**YOUR OBJECTIVE:** Should any entry seem unclear, still set it down exactly as given, along with all the others.

Segment Start: GIVEN DATA

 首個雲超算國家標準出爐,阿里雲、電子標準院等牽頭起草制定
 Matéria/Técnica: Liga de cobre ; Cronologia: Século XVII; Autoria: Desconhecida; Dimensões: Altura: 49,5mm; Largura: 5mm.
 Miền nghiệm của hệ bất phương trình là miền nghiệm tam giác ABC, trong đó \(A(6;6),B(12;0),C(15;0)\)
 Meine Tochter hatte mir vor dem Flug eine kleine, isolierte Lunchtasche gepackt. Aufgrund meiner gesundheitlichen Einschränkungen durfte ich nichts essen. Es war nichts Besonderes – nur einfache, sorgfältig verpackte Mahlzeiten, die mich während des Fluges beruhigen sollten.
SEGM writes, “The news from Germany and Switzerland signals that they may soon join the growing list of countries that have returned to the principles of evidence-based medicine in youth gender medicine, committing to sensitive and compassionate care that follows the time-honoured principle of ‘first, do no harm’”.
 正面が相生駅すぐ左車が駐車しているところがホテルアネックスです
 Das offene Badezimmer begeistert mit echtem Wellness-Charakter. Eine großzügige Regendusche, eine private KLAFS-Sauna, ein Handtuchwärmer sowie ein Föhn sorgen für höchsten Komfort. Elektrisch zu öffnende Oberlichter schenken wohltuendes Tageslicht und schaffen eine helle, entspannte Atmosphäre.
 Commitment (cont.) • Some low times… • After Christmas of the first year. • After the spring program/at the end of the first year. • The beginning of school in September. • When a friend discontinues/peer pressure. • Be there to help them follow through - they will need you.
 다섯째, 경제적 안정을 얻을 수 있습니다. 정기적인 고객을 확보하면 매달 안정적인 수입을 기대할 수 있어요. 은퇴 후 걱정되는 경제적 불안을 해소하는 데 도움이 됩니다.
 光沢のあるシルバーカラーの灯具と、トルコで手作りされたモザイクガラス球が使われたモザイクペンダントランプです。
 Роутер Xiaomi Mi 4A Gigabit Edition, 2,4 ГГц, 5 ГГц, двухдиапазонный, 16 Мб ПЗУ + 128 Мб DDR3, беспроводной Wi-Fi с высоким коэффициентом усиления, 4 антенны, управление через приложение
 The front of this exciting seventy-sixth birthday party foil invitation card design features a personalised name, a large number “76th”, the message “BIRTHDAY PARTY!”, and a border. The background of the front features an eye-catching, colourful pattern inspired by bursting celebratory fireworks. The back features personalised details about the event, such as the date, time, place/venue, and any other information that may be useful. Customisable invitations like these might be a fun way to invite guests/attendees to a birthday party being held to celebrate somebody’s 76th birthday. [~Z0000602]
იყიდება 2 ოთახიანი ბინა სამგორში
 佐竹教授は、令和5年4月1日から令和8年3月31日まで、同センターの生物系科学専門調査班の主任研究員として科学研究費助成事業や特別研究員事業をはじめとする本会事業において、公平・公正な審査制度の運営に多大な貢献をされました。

Segment End: GIVEN DATA

**ANSWER SPACE:**
 首個雲超算國家標準出爐,阿里雲、電子標準院等牽頭起草制定
 Matéria/Técnica: Liga de cobre ; Cronologia: Século XVII; Autoria: Desconhecida; Dimensões: Altura: 49,5mm; Largura: 5mm.
 Miền nghiệm của hệ bất phương trình là miền nghiệm tam giác ABC, trong đó \(A(6;6),B(12;0),C(15;0)\)
 Meine Tochter hatte mir vor dem Flug eine kleine, isolierte Lunchtasche gepackt. Aufgrund meiner gesundheitlichen Einschränkungen durfte ich nichts essen. Es war nichts Besonderes – nur einfache, sorgfältig verpackte Mahlzeiten, die mich während des Fluges beruhigen sollten.
SEGM writes, “The news from Germany and Switzerland signals that they may soon join the growing list of countries that have returned to the principles of evidence-based medicine in youth gender medicine, committing to sensitive and compassionate care that follows the time-honoured principle of ‘first, do no harm’”.
 正面が相生駅すぐ左車が駐車しているところがホテルアネックスです
 Das offene Badezimmer begeistert mit echtem Wellness-Charakter. Eine großzügige Regendusche, eine private KLAFS-Sauna, ein Handtuchwärmer sowie ein Föhn sorgen für höchsten Komfort. Elektrisch zu öffnende Oberlichter schenken wohltuendes Tageslicht und schaffen eine helle, entspannte Atmosphäre.
 Commitment (cont.) • Some low times… • After Christmas of the first year. • After the spring program/at the end of the first year. • The beginning of school in September. • When a friend discontinues/peer pressure. • Be there to help them follow through - they will need you.
 다섯째, 경제적 안정을 얻을 수 있습니다. 정기적인 고객을 확보하면 매달 안정적인 수입을 기대할 수 있어요. 은퇴 후 걱정되는 경제적 불안을 해소하는 데 도움이 됩니다.
 光沢のあるシルバーカラーの灯具と、トルコで手作りされたモザイクガラス球が使われたモザイクペンダントランプです。
 Роутер Xiaomi Mi 4A Gigabit Edition, 2,4 ГГц, 5 ГГц, двухдиапазонный, 16 Мб ПЗУ + 128 Мб DDR3, беспроводной Wi-Fi с высоким коэффициентом усиления, 4 антенны, управление через приложение
 The front of this exciting seventy-sixth birthday party foil invitation card design features a personalised name, a large number “76th”, the message “BIRTHDAY PARTY!”, and a border. The background of the front features an eye-catching, colourful pattern inspired by bursting celebratory fireworks. The back features personalised details about the event, such as the date, time, place/venue, and any other information that may be useful. Customisable invitations like these might be a fun way to invite guests/attendees to a birthday party being held to celebrate somebody’s 76th birthday. [~Z0000602]
იყიდება 2 ოთახიანი ბინა სამგორში
 佐竹教授は、令和5年4月1日から令和8年3月31日まで、同センターの生物系科学専門調査班の主任研究員として科学研究費助成事業や特別研究員事業をはじめとする本会事業において、公平・公正な審査制度の運営に多大な貢献をされました。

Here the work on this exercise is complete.